Geospatial analysis of satellite imagery taken of the locations where suppliers operate can be a powerful tool to detect problematic deforestation events. However, running such analyses is difficult, time-consuming, and resource-intensive. Amazon SageMaker geospatial capabilities provide a new and much simpler solution to this problem. The tool makes it easy to access geospatial data sources, run purpose-built processing operations, apply pre-trained ML models, and use built-in visualization tools faster and at scale.

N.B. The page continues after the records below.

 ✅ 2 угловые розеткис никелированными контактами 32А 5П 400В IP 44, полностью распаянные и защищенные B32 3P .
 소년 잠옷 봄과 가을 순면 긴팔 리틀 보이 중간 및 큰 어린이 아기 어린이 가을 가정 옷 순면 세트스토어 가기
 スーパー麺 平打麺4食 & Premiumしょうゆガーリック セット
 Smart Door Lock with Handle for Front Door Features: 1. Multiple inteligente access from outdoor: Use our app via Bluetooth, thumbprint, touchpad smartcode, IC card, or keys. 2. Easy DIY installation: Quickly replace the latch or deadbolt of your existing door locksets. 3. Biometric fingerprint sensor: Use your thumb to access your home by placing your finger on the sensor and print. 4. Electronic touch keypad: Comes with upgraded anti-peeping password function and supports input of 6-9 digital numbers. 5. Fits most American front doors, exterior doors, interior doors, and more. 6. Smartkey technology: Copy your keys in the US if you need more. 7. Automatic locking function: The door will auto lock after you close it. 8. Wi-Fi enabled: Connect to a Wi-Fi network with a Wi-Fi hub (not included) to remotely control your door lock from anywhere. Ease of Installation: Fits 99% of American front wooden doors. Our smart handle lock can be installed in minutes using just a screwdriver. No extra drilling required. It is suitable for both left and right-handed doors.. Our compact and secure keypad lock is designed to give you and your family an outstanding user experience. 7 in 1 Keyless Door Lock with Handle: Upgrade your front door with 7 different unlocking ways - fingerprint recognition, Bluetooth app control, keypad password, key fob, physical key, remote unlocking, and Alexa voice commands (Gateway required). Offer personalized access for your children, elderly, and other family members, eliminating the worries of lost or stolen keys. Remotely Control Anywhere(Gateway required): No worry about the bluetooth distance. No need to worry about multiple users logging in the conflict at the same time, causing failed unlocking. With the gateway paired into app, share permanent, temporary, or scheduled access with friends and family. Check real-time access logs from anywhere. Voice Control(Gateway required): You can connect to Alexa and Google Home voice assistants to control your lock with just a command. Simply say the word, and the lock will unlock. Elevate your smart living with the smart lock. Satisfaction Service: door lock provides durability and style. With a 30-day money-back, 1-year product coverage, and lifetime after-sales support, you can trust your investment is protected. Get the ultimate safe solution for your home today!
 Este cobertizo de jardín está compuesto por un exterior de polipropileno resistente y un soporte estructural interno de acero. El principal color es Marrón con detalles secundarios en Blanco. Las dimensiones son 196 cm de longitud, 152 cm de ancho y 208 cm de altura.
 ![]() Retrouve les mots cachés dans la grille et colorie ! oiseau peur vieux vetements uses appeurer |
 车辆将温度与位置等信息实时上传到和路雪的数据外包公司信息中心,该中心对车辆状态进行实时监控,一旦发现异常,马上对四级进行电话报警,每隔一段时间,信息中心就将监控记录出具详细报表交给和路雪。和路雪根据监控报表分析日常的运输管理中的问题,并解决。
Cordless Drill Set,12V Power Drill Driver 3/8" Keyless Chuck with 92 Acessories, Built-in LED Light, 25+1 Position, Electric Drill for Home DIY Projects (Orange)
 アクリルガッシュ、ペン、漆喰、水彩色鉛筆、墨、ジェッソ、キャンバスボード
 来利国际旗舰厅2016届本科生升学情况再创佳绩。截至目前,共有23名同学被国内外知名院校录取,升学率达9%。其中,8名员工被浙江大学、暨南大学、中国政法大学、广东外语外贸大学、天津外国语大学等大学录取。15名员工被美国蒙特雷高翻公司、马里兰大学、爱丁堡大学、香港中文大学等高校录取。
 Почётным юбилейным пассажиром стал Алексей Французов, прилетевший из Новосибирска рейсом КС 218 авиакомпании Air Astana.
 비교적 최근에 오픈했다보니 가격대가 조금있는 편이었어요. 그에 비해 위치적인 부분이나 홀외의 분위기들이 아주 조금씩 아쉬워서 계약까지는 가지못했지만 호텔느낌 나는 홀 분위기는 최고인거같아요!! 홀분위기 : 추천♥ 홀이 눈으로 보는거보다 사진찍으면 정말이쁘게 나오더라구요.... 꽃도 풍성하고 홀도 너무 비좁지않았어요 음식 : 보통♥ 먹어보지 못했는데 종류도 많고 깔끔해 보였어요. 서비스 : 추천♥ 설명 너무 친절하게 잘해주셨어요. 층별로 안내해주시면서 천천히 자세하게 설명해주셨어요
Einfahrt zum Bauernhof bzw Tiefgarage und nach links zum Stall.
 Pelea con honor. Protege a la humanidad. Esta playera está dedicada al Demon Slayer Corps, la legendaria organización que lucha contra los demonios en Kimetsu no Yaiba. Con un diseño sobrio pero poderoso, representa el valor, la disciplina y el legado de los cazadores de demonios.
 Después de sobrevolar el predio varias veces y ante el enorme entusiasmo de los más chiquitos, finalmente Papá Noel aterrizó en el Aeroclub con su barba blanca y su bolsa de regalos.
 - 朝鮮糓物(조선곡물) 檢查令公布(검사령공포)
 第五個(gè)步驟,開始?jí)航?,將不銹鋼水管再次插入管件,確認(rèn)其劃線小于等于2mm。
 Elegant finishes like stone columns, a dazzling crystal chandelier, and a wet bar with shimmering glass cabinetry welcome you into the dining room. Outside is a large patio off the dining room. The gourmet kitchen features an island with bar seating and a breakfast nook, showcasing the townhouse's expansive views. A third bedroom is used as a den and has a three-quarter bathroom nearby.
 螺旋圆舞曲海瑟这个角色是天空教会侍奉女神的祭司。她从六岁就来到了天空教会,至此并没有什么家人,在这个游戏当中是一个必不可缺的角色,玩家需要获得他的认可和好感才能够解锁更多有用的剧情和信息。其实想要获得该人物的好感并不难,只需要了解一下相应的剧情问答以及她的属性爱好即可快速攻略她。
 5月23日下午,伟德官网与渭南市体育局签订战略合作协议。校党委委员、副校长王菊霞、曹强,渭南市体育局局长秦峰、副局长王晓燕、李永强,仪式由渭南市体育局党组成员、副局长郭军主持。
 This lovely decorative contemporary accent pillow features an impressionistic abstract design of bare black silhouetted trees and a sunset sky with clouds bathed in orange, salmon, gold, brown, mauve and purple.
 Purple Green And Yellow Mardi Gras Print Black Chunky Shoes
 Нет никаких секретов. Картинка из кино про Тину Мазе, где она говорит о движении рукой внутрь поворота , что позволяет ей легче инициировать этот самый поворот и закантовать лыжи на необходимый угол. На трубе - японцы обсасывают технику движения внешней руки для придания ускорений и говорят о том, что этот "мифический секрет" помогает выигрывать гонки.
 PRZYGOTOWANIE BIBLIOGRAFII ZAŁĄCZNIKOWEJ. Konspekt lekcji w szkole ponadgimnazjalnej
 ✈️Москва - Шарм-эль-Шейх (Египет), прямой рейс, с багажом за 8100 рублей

In this post, you will learn how to use SageMaker geospatial capabilities to easily baseline and monitor the vegetation type and density of areas where suppliers operate. Supply chain and sustainability professionals can use this solution to track the temporal and spatial dynamics of unsustainable deforestation in their supply chains. Specifically, the guidance provides data-driven insights into the following questions:
- When and over what period did deforestation occur – The guidance allows you to pinpoint when a new deforestation event occurred and monitor its duration, progression, or recovery
- Which type of land cover was most affected – The guidance allows you to pinpoint which vegetation types were most affected by a land cover change event (for example, tropical forests or shrubs)
- Where specifically did deforestation occur – Pixel-by-pixel comparisons between baseline and current satellite imagery (before vs. after) allow you to identify the precise locations where deforestation has occurred
- How much forest was cleared – An estimate on the affected area (in km2) is provided by taking advantage of the fine-grained resolution of satellite data (for example, 10mx10m raster cells for Sentinel 2)
Solution overview
The solution uses SageMaker geospatial capabilities to retrieve up-to-date satellite imagery for any area of interest with just a few lines of code, and apply pre-built algorithms such as land use classifiers and band math operations. You can then visualize results using built-in mapping and raster image visualization tooling. To derive further insights from the satellite data, the guidance uses the export functionality of Amazon SageMaker to save the processed satellite imagery to Amazon Simple Storage Service (Amazon S3), where data is cataloged and shared for custom postprocessing and analysis in an Amazon SageMaker Studio notebook with a SageMaker geospatial image. Results of these custom analyses are subsequently published and made observable in Amazon QuickSight so that procurement and sustainability teams can review supplier location vegetation data in one place. The following diagram illustrates this architecture.
The notebooks and code with a deployment-ready implementation of the analyses shown in this post are available at the GitHub repository Guidance for Geospatial Insights for Sustainability on AWS.
Example use case
This post uses an area of interest (AOI) from Brazil where land clearing for cattle production, oilseed growing (soybean and palm oil), and timber harvesting is a major concern. You can also generalize this solution to any other desired AOI.
The following screenshot displays the AOI showing satellite imagery (visible band) from the European Space Agency’s Sentinel 2 satellite constellation retrieved and visualized in a SageMaker notebook. Agricultural regions are clearly visible against dark green natural rainforest. Note also the smoke originating from inside the AOI as well as a larger area to the North. Smoke is often an indicator of the use of fire in land clearing.
NDVI as a measure for vegetation density
To identify and quantify changes in forest cover over time, this solution uses the Normalized Difference Vegetation Index (NDVI). . NDVI is calculated from the visible and near-infrared light reflected by vegetation. Healthy vegetation absorbs most of the visible light that hits it, and reflects a large portion of the near-infrared light. Unhealthy or sparse vegetation reflects more visible light and less near-infrared light. The index is computed by combining the red (visible) and near-infrared (NIR) bands of a satellite image into a single index ranging from -1 to 1.
Negative values of NDVI (values approaching -1) correspond to water. Values close to zero (-0.1 to 0.1) represent barren areas of rock, sand, or snow. Lastly, low and positive values represent shrub, grassland, or farmland (approximately 0.2 to 0.4), whereas high NDVI values indicate temperate and tropical rainforests (values approaching 1). Learn more about NDVI calculations here). NDVI values can therefore be mapped easily to a corresponding vegetation class:
By tracking changes in NDVI over time using the SageMaker built-in NDVI model, we can infer key information on whether suppliers operating in the AOI are doing so responsibly or whether they’re engaging in unsustainable forest clearing activity.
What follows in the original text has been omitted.